En la piel de la espalda tenía tatuada una sola letra a azul. Le dio la vuelta para que pudiera ver algo más que el suelo. Cuando le quitó el casco de hierro de la cabeza, la muchedumbre pudo ver el aspecto de Oso ante la muerte. Los ojos marrones parecían incapaces de enfocar nada, como si tratara de seguir algo que flotaba por aquí y por allá. Tenía el pelo enmarañado y grasiento. Las mejillas regordetas habían perdido el color.

—No te preocupes por ellos, cariño —dijo Staxxx—. No te preocupes por ellos. Es tu momento. No te lo pierdas.

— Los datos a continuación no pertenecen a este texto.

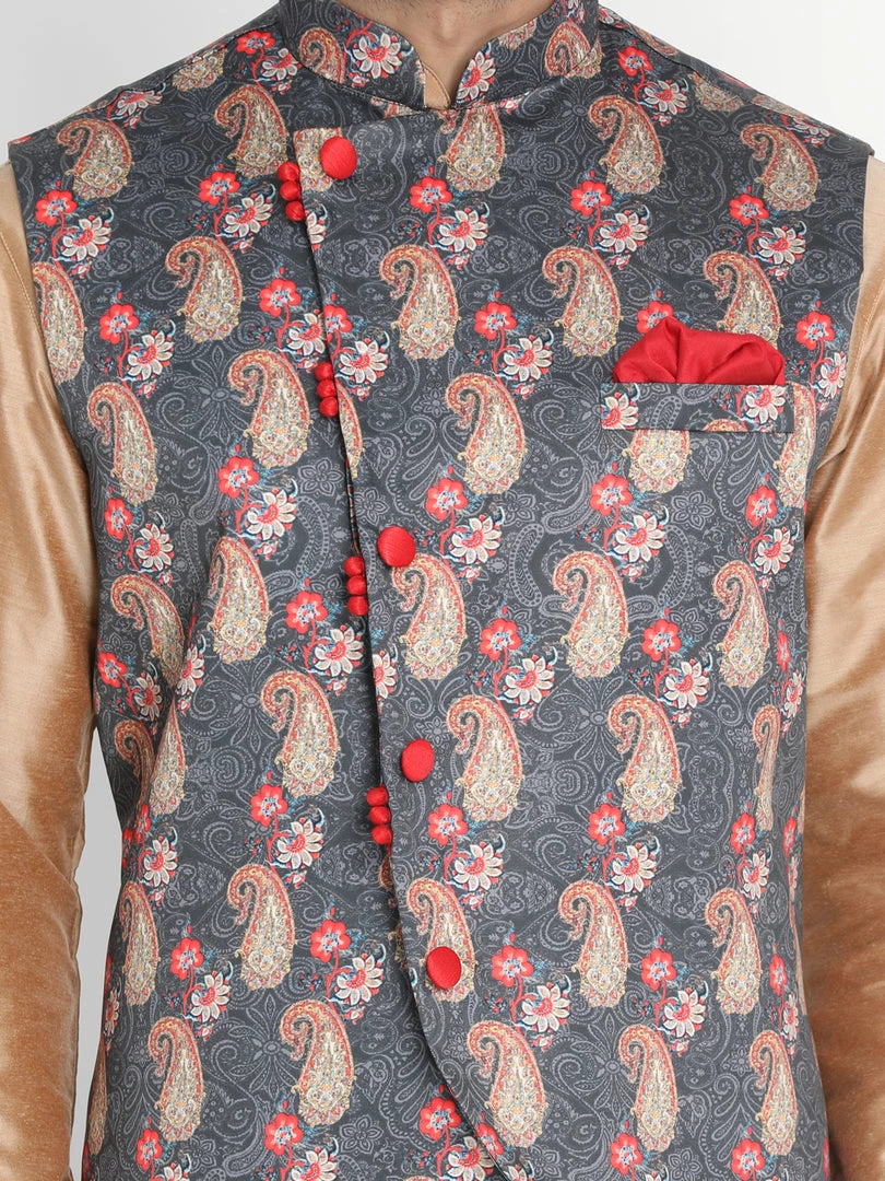 Grey printed Nehru jacket, has a mandarin collar, a side button placket, sleeveless, a welt pocket. Comes with pocket square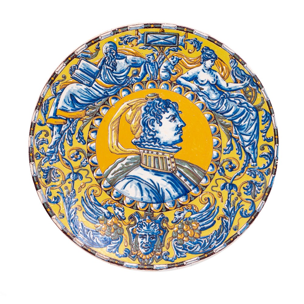 smaltata e decorata al centro raffigurante "Profilo maschile" e nella parte superiore figure rappresentanti "La cultura" e "L'arte".

Le besó la cara varias veces y luego le cortó el cuello2. Su leitmotiv irrumpió en los altavoces y el público rugió. Le grabó varias equis en el cuerpo. La sangre brotaba y, con cada x, le besaba la piel llorosa. Se sentía agradecida por lo mucho que era capaz de distanciarse de sí misma. Sabía lo que tenía que hacer y por qué lo hacía, se observaba como si formara parte del público que chillaba.

Cuando terminó, parecía que a Oso lo habían sacado de una trituradora de madera. Parecía que Staxxx se había duchado con sangre.

—¡Te quiero! —chilló mientras los guardias la zarandeaban y la empujaban para volver a aprisionarla en la Jaula.

—Ha acabado listo para un funeral a ataúd cerrado, ya os digo —apuntó Micky Wright desde su tribuna mientras dos guardias enrollaban al muerto en plástico y lo arrastraban por el túnel de donde había salido. Un tercero los seguía detrás con la pierna de Barry—. Lo que significa más Puntos de Sangre que añadir al ya voluminoso montón de la señorita Stacker.

Wright asomó la cabeza y fue dando saltitos hacia Staxxx por la tierra marcada por la batalla.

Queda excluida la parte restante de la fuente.